If he had entirely tempered the wind to the shorn sheep
We would never have become men, but stayed in stone asleep.
Mighty the buffetings from God before Self in stone burst
From its prison to become moss and tree—and suffer thirst.
If we had not tramped the plains with burning feet
We would not have found the Beloved’s house in Love Street.
If we had not known the curling wave and the taste of brine
We would not have developed a palate for vintage wine.
The Beloved is all-merciful and compassionate,
Ever concerned about our arrival at true Self-state.
He drove us up out of stone-dwelling, out of leaf, out of sheep.
If he had tempered the wind entirely we would still be asleep.

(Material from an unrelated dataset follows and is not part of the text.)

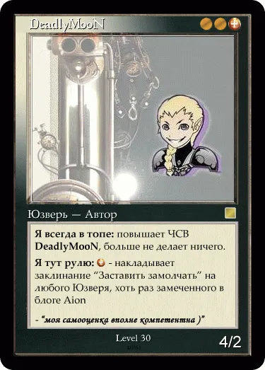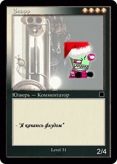 Редактировать пост тоже не дает, так что название попрошу поменять потом администрацию. Можно ругаться и восхищаться, кому что больше покатит. Вступление. Добро пожаловать в игру Gamer: the Gathering, лучшую в мире коллекционную карточную игру. Эта игра первая на портале и навсегда останется самой лучшей и самой масштабной. В игре Gamer: the Gathering игроки становятся мироходцами — могущественными магами, которые сражаются друг с другом за славу, знания и победу. Ваше оружие — это колода карт. В ней находятся все известные вам заклинания, а также пользователи, которых можно призвать для участия в битве. В играх с коллекционными картами, к которым относится и Gamer: the Gathering, одновременно сочетаются и интерес коллекционирования и стратегическая игра. Но здесь не будет никаких стремных бустеров с неизвестным содержанием, и вам достаточно иметь цветной принтер, чтобы получить нужные карты. Самое увлекательное в игре с коллекционными картами — это то, что она непрерывно изменяется. Вы сможете сами придумывать и добавлять собственные карты. Каждая игра в GTG не похожа на предыдущие. Если я не буду лениться, то несколько раз в году будут выходить новые дополнения к игре Gamer, в которых постоянно будут появляться новые возможности ошеломить и победить оппонентов. Основы. В настоящей редакции будет всего 4 типа «маны» - оценок, дающих вам возможность играть имеющиеся у Вас карты. Для получения оценок достаточно повернуть соответствующую карту. Типы карт. Каждая карта GTG относится к одному или нескольким типам. Тип карты определяет, когда эту карту можно разыгрывать и что с ней после этого происходит. Заклинание Это своего рода магическая формула. Вы можете разыгрывать заклинания только во время главной фазы вашего собственного хода. Для применения Заклинание требует наличия на столе Юзверя соответствующего уровня. Если в стеке находится какое-либо другое заклинание, разыграть волшебство нельзя. (О фазах и стеке будет рассказано немного позже). Волшебство дает эффект (другими словами, вы выполняете указанные на карте действия), после чего отправляется в бан (этим термином обозначается стопка отыгравших карт). Мгновенное заклинание Мгновенные заклинания похожи на обычные заклинания, но их можно разыгрывать практически в любое удобное для вас время, даже во время хода оппонента и в ответ на другое заклинание. Как и заклинания волшебства, мгновенные заклинания дают эффект и отправляются в бан. Чары Чары — это устойчивое магическое воздействие. Чары относятся к категории перманентов. Это значит, что, во-первых, вы можете разыграть чары только при возможности разыгрывать заклинания волшебства, и, во-вторых, после разыгрывания чар вы кладете их перед собой, рядом с вашими плюсами. Теперь карта находится в игре. Любая карта в игре называется перманентом, поскольку она находится там постоянно (разумеется, до тех пор, пока не будет уничтожена). Артефакт Артефакт — это магический предмет. Как и чары, артефакты являются перманентами и после разыгрывания остаются в игре, оказывая влияние на ее развитие. Артефакты бесцветны, поэтому разыгрывать их можно независимо от того, какие у вас плюсы. Некоторые артефакты называются Снаряжением. Заплатив стоимость, вы можете прикрепить Снаряжение к Юзверю под вашим контролем, чтобы сделать его более сильным. Когда это существ

To ascend up the evolutionary tree is to become more subject to suffering. If God had wanted to merely protect he would never have let us reach sentience. The sufferings are part of the awakening that drives us on to full consciousness. Our wanderings and hardships are inseparable from the arriving at our destination.
The house of the beloved is where we are given the wine of self-knowledge, the taste of sat, chit, ananda. The waves of good and bad and the brine (one connotation of which is our salt tears) give us the maturity to enjoy mature wine.
The creation is asleep and has to be made to wake up. If false kindness had tempered the wind to the shorn sheep we would never have been needing to awaken. The whole terrible struggle of evolving nature and of humanity is seen as the gift of God to know real knowledge. This affirmation springs from a discovery in his Master of God as love.